§ What the task requires
With the pictures left out, reproduce exactly the lines running from the line with "ballerine natalizie rosse" to the last line of the material below.
===== Collected material
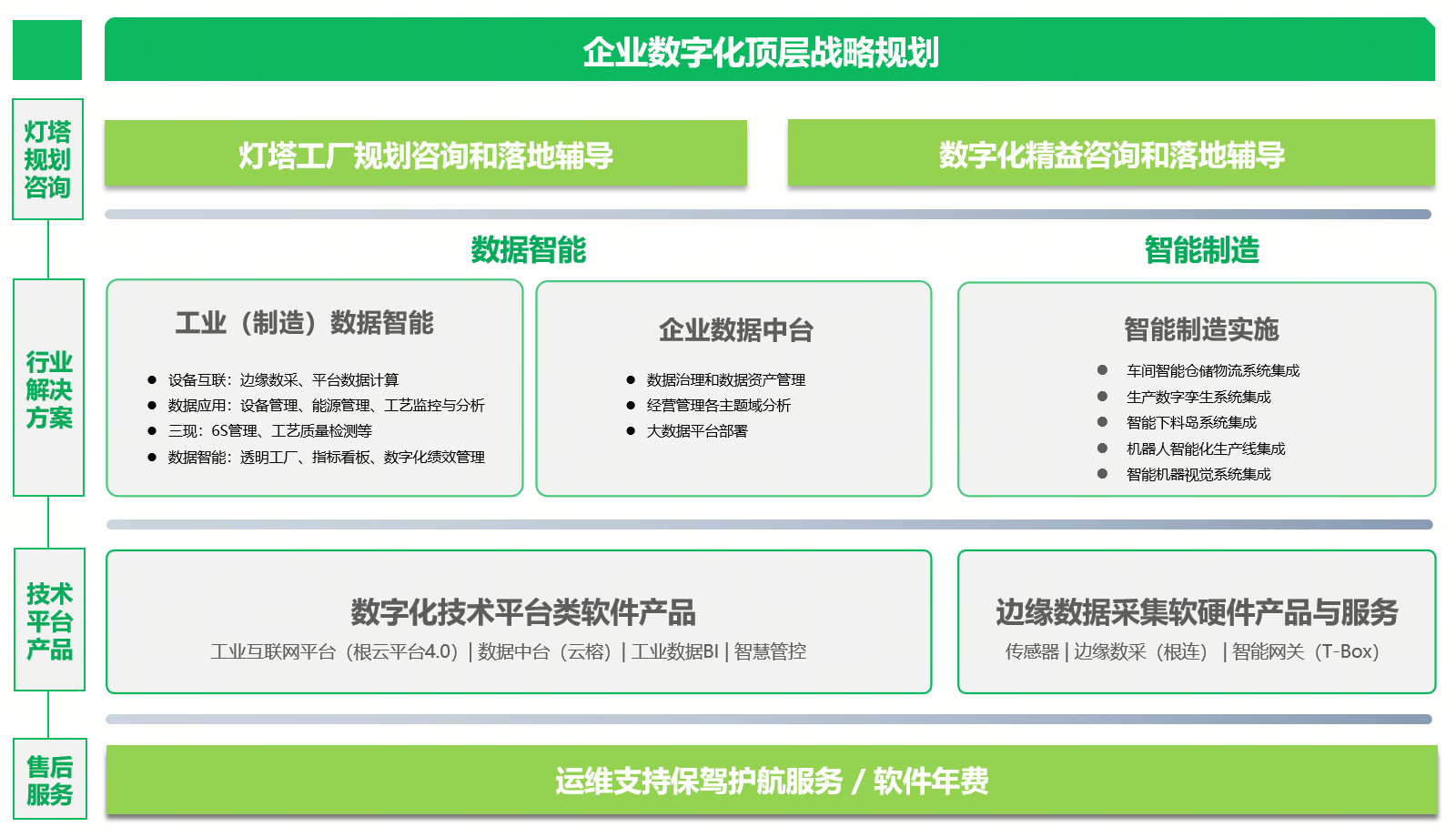 面向泛裝備行業的增效、降本、提質等核心訴求,圍繞工業互聯網、數字化、智能化、自動化、信息化的深度融合,以智能制造和燈塔工廠為切入點,提供從整體規劃到實施落地的整體解決方案
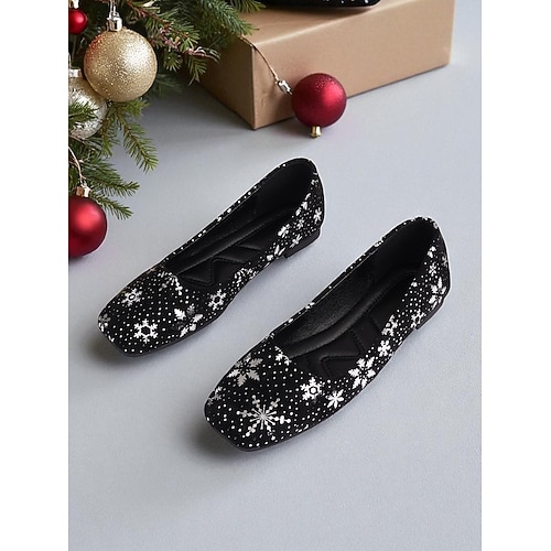 ballerine natalizie rosse da donna con stampa a fiocco di neve – scarpe casual per le feste e per tutti i giorni
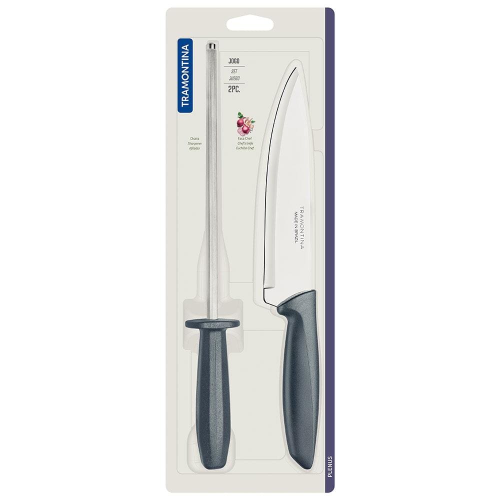 Conjunto Faca Chef e Chaira Tramontina Plenus Cinza - 2 Peças
==========
§ Written reply
 ballerine natalizie rosse da donna con stampa a fiocco di neve – scarpe casual per le feste e per tutti i giorni
 Conjunto Faca Chef e Chaira Tramontina Plenus Cinza - 2 Peças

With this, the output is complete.